The human microbiome is variable in multiple ways, ranging from within the same person to across multiple people.

Within individuals

When we consider two cities in the same state, one on a beach and one that is land-locked, we know that there are differences between them despite both being cities. For example, our beach city would more than likely have more surfers and life guards than our landlocked city would.

Similarly, the microbiome in one human has distinct compositions from one site to another. We see a difference between the oral cavity to the skin to the gut microbiome.

Between individuals

Similarly, if we consider a California beach town versus a New England beach town we would see differences despite both being beach towns. We know that the weather is different, and there might be more people in New England searching for some yummy lobster.

In the microbiome, we see the same behavior. When we look at the same location in different people, we will see differences in their microbial communities.

Over time

Finally, we see variability over time. In the same city, we will see a difference in the makeup of the city depending on the time of year. For example, we will likely see in our landlocked city more snowplow drivers and less retiree snowbirds in the deep winter when compared to the middle of summer.

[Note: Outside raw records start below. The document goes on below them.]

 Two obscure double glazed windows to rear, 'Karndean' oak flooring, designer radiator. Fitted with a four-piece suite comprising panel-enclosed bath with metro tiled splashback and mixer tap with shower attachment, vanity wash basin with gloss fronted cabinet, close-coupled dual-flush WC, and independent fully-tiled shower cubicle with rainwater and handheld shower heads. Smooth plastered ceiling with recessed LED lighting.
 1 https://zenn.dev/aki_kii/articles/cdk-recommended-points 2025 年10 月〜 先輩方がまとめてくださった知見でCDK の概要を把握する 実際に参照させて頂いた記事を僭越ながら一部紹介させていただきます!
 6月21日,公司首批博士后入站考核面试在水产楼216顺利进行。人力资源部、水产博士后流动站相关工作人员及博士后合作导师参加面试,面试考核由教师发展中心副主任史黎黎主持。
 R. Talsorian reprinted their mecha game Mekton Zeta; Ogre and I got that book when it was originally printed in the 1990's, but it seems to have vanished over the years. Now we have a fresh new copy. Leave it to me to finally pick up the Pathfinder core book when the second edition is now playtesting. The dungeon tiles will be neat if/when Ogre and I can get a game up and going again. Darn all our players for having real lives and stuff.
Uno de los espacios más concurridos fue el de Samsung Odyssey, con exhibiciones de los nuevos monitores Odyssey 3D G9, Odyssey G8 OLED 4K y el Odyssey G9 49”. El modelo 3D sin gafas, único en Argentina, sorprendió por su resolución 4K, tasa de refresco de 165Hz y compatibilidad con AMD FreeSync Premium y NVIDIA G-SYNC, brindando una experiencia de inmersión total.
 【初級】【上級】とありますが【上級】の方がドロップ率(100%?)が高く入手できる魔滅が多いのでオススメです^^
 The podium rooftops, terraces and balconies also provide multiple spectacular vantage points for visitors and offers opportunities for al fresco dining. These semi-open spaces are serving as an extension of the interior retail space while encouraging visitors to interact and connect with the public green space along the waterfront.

Microbial communities also change over time and with different perturbations. Below, we can see that there is time on the x-axis and the relative frequency of the community on the y-axis. The height of each color bar indicates the proportion of the sample that is made of a singular feature, or species in this plot, at that particular timepoint. Here, we can see three different samples from the same host and location taken at three different time points, showing meaningful differences between the composition of those samples at the different times.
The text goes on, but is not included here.